The technology allows the laying of lengths from (80 – 100)m and is mainly used for the reclaiming of water, sewer and gas pipelines and allows the replacement of existing utilities. Its utilization is conditioned by the presence nearby of other sub services which could be damaged through compression, as well as by the presence of bends, multiple or single angle variations superior to 3° which mean obligatory interruption of the insertion process.


5.3.2 Pipe splitting


The technology is similar to the previous one, but allows the replacement of an existing pipeline built with ductile materials (spheroid cast iron, steel).


6- Normative aspects.

No dig technologies are in complete harmony with the present legal provisions which place great attention on the environmental theme, orientating towards technical choices which allow to :

–         avoid any possible waste

–         make the recycling of available resources easier

–         rationalize the use of the sub-soil (a limited resource)

–         minimize inconvenience to vehicle traffic and local population

the principal normative reference are :

– nr. 285/1992- Highway Code- which refers to the obligation to drill through road subsoil using horizontal drilling without damaging the road surface.

–         Cabinet Minister’s Directive dated 3 March 1999 – rational replacement of technological plants in the subsoil – which has the aim of giving preference to all those techniques which minimize environmental and vehicle circulation impacts.

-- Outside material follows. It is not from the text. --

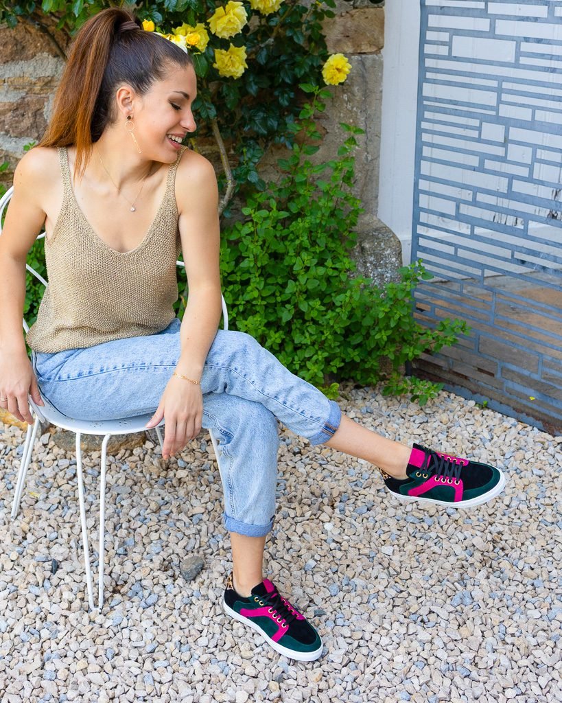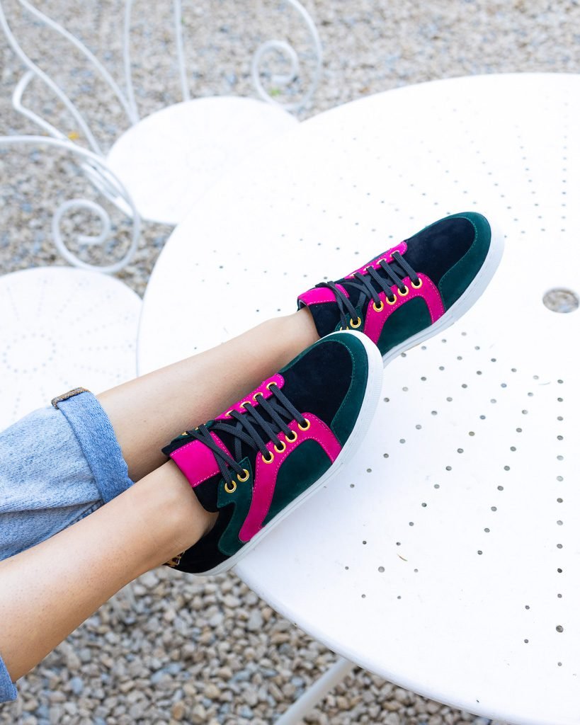 Baskets Oscar en velours noir, vert sapin et rose vif

Directive 2001/42/CE adopted in the D.lgs nr 52/06 titled “Directives in environmental matters” (more commonly known as “Environmental Code”, at art.53, comma 1, provides that the safeguarding of the soil and subsoil should

–         be ensured, in particular, for soil it means the territory, the soil, subsoil, the inhabitants and infrastructural works


–         Decree dated 10/08/2004 by the Ministry for Infrastructures and Transport with reference to “Technical directives for the crossing and parallelisms of pipelines and canals conveying liquids and gas with railway lines and other transport lines” which introduces the use of horizontal drilling with polyethylene pipes for the crossing of railway lines


–         With particular references to the mini-trench laying technique, while the highway code prescribes a minimum depth of one metre of the extrados, on the

roadway, the above mentioned directive, recently integrated by the L.n.69/09, allows local authorities responsible for road maintenance to derogate such provisions whenever low environmental impact technologies are used.

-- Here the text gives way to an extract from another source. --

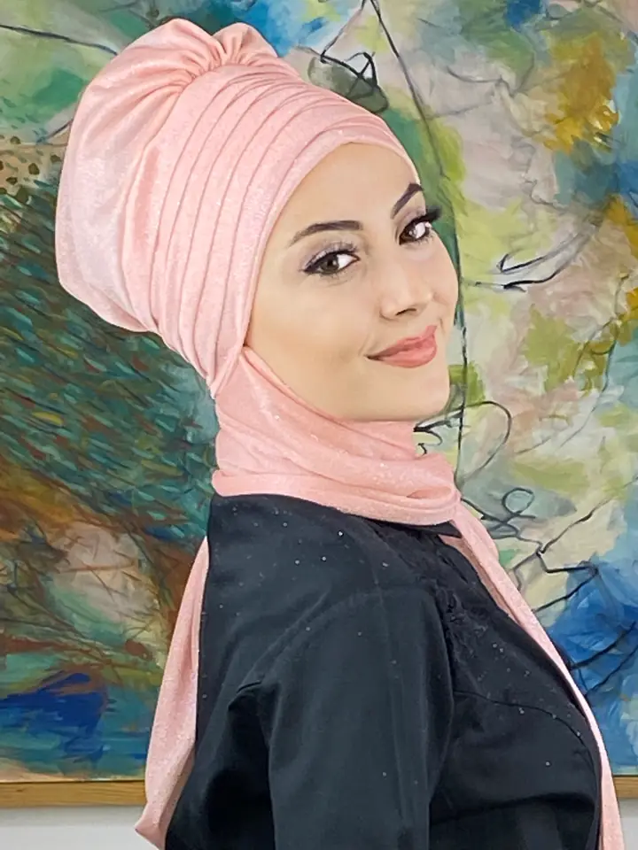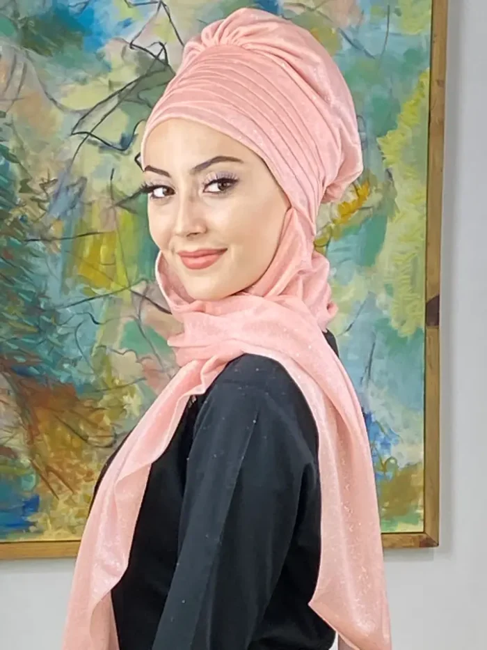 Açık somon şıklığını yakalamak için Simli Atkılı Bone Şal – Açık Somon’u hemen sipariş edin!

–         “realization Rules “ (soon to be published) of the new Contract Code (D.lgs nr 163/2006 ) which introduces a new category of special works ( OS  35) called “low environmental impact interventions” which concerns precisely “ the realization and maintenance of any subsoil work involving the use of non-invasive (no-dig) technologies. It includes, for example, guided and non guided horizontal drilling, with the eventual rehabilitation and exploitation of existing structures”


–         local authorities will be able to avail themselves of these techniques providing for them in their call for bids.